# Help!! 411 for Outlaws/RIMS and lift



## pacman6182 (Aug 13, 2018)

Hi yall!! Im new to the forum and I have been searching but I cant seem to find the answer, maybe someone can help. I have a 2107 brute EPS 750. I want to slap on some 29.5 outlaws with the MSA 12 14" rim. If I put a 2" RDC lift will the 29.5 outlaws rub? What off set do you recommend for the Rims? Ive read 5+2 and 5+3. Also if I just do a spring upgrade from VFJ will I still be able to pop wheelies and keep my low end torque? Or do I need a complete stage 3 clutch upgrade? Also what axle brand upgrade do you recommend? and any website recommendation for the wheels and tries. Thanks for the help!


----------



## Polaris425 (Dec 16, 2004)

The RDC lift will be enough to run the 29's. You shouldn't have any rubbin issues. 5+2 should be fine as well. We have fitment threads here in the tire/rim section.
Also we have rim offset threads with all the offset details in them.

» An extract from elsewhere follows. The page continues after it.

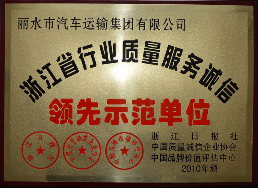 浙江省行業(yè)質(zhì)量服務(wù)誠(chéng)信領(lǐng)先示范單位

Lastly, If you get some VFJ springs you should be able to do all the wheelies you want (just remember not to do them for too long, you'll dry out the front cylinder). 
Full clutch work would obviously be beneficial, but not necessary or required to run the 29's.


----------



## pacman6182 (Aug 13, 2018)

Thank you very much!! very helpful! By any chance are you familiar with trinity exhaust or empire? I spoke with VFJ and this is what he carries. Any Suggestions on a full exhaust?


----------



## Polaris425 (Dec 16, 2004)

I've been out of the loop for a while now... so I've actually never heard of them. But If VFJ says it's good, you can bet it is.


----------



## pacman6182 (Aug 13, 2018)

Thank You for your help!


----------